我是长公主姜宜,我与摄政王是死敌。
我欲除之而后快,却不曾想他先和我的皇弟勾结,将我围于勤政殿。
摄政王恨毒了我,亲手送我上黄泉路。
却不想他对我存的是另一种心思,将我囚禁与他打造的牢笼。
他觉得我会就此屈服。
不过既然我没有死,那我就绝不会乖乖认输。
靖和五年深秋,我被我的皇弟以谋反的罪名赐死。
摄政王书无白端着毒酒送了我最后一程。
他逆着光,脸上并没有表情,似是无数个我们在朝堂上争执的日子一样,向我问安。
不同的是,这次他手上不是折子,而是毒酒。
他问我:“长公主,你可后悔?”
后悔什么呢?后悔对他起了杀心,还是后悔太过于相信我的皇弟。
我摇摇头。
我不后悔,但是我不甘心,我恨,不甘心明明只差一步,恨我的皇弟,联合一个把持朝政的外人,做局杀了我。

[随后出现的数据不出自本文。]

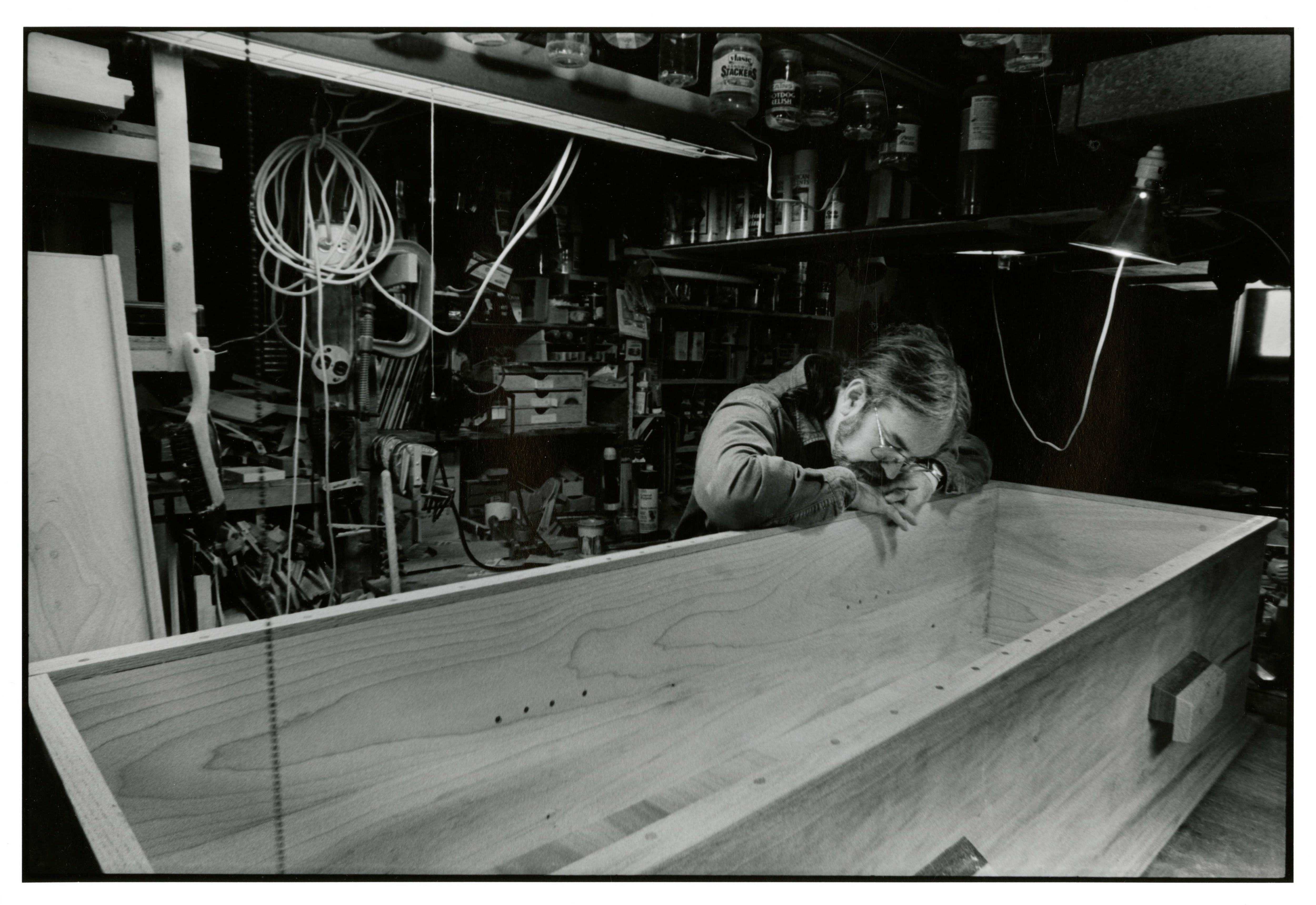 Annie Reichert captures a photograph of Michael Luce in his basement workshop, looking into the coffin he is building for his recently deceased mother, Portland, Maine.

毒酒穿肠,剧烈的疼痛让我在地上蜷缩,最终还是没有在敌人面前保留最后的体面。
我再次睁开了眼,周遭漆黑一片,莫不是到了阴曹地府?
头没来由的很痛,我抬手才发现我的手上还戴了镣铐。
我仔细看四周,这里似乎是一个密室,我没有死!
我明明喝了毒酒,莫不是话本子里的重活一世?
书无白的脸在烛火中忽明忽暗。
“醒的很巧,今日正是长公主出殡的日子。”书无白放下手中的蜡烛,不紧不慢的开口。
“呵,摄政王何苦做这自相矛盾的事情。”
书无白应当是恨毒了我,我与皇帝无依无靠时我请他入局,稳住根基以后我要做的第一件事就是杀了他。也是他和我的皇帝联合,做了偌大的局,我落了个谋反的罪名,我死了他应该高兴才对,如今煞费苦心的救活我,不知又有什么目的。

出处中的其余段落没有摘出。